#### Task details:
Transcribe each line of the material as it is, and drop any picture.

#### The data:
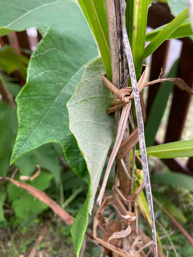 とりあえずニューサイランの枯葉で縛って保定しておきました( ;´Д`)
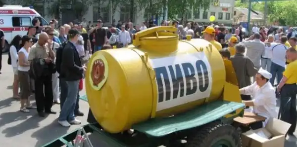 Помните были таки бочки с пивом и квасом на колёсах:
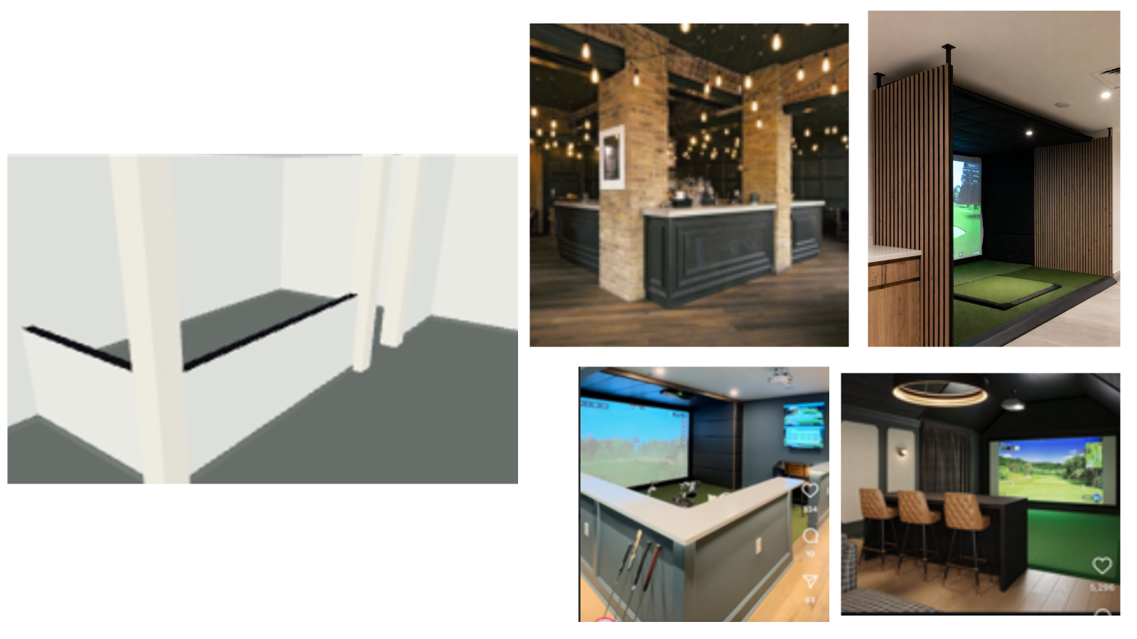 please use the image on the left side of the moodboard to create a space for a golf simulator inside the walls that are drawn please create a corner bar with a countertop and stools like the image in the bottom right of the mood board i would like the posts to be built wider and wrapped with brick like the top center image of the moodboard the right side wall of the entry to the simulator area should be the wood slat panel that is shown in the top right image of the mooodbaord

#### Your solution:
 とりあえずニューサイランの枯葉で縛って保定しておきました( ;´Д`)
 Помните были таки бочки с пивом и квасом на колёсах:
 please use the image on the left side of the moodboard to create a space for a golf simulator inside the walls that are drawn please create a corner bar with a countertop and stools like the image in the bottom right of the mood board i would like the posts to be built wider and wrapped with brick like the top center image of the moodboard the right side wall of the entry to the simulator area should be the wood slat panel that is shown in the top right image of the mooodbaord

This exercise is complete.